Kitchen worktops can be expensive. But a kitchen worktop of any kind is often dictated in terms of price by the material used. Natural stone kitchen worktops can actually add more value to a property than they cost. Their solidity and strength are not an issue. They also carry a far greater reputation than alternatives that are manmade – and even worktops that appear to look like stone, such as artificial “engineered” stone. But why the expense compared to PVC, tiled, glass or other kinds of surface?

The first issue when it comes to the expense of a kitchen worktop made from pure stone, such as marble or granite or quartz or slate, is the fact that a pure slab of rock has to be hewn into shape. Finding the perfect slab – in terms of colour and shape – that can then be chipped at and polished so that it will look incredible in a kitchen environment is more difficult than the simpler manufacturing techniques that are used to create other surfaces. The use of other surfaces in terms of their simplicity does not necessarily mean that the technology behind them is simpler. In fact, the creation of plastics is clearly a science heavy process. Plastics have themselves really only come into their own in the last century. Other materials and compounds like acrylics are also very new compared to stone, which has been around for billions of years. But the ability to mass produce such plastic surfaces is the issue. The right sized stone – without any flaws such as weakened integrity or internal cracks – is more difficult to source.

Furthermore, advances in technology can actually hinder the locating of the right slab of stone that can become part of a kitchen in the form of a kitchen worktop. When you consider for example that integrity tests of various kinds can be carried out on stone surfaces today that were not available four decades ago, then the possibility that granite kitchen worktops could in fact be rejected during the quality assessment and quality control process increases. This means that there are fewer slabs that are regarded as high enough in terms of quality.

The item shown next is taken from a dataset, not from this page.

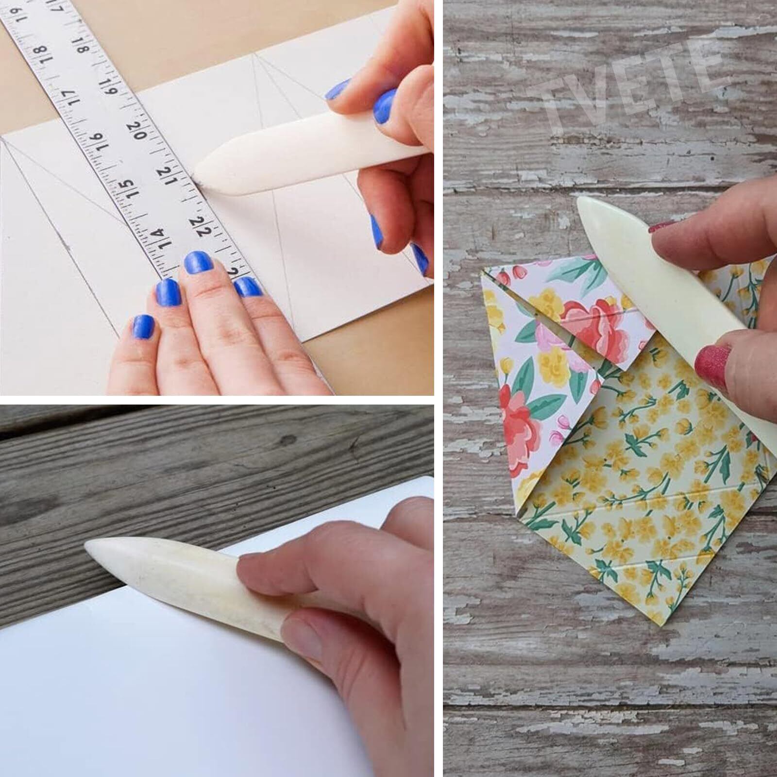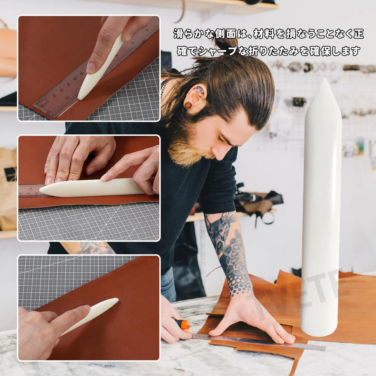 【優れた素材】:模造牛骨革折りツールは、耐摩耗性と耐高温性の合成プラスチックで作られており、質感が硬いだけでなく、表面も滑らかです。特別な処理後の質感は硬くて弾力性があり、耐久性があるだけでなく、自然で素朴な美しさも備えています。

When it comes to pure stone in your kitchen worktop, you are not necessarily paying for the material as much as paying for the workmanship. With more artificial worktops that are mass produced in factories, perhaps the opposite is true. Some costly materials do have the aesthetic factor. Granite and more often marble has an eye catching quality that other surfaces won’t have. You won’t be trading any of the utilitarian function of your kitchen worktop for this aesthetic appeal. The quality of the material is of paramountcy: You don’t want a poor looking slab of stone as your kitchen worktop. This drives up the cost.

Furthermore, while you may consider doing some work yourself when it comes to kitchen installations, marble or granite kitchen worktops often require a professional installation. But all in all, when compared to other kinds of surface such as laminates, you won’t beat a great stone kitchen worktop.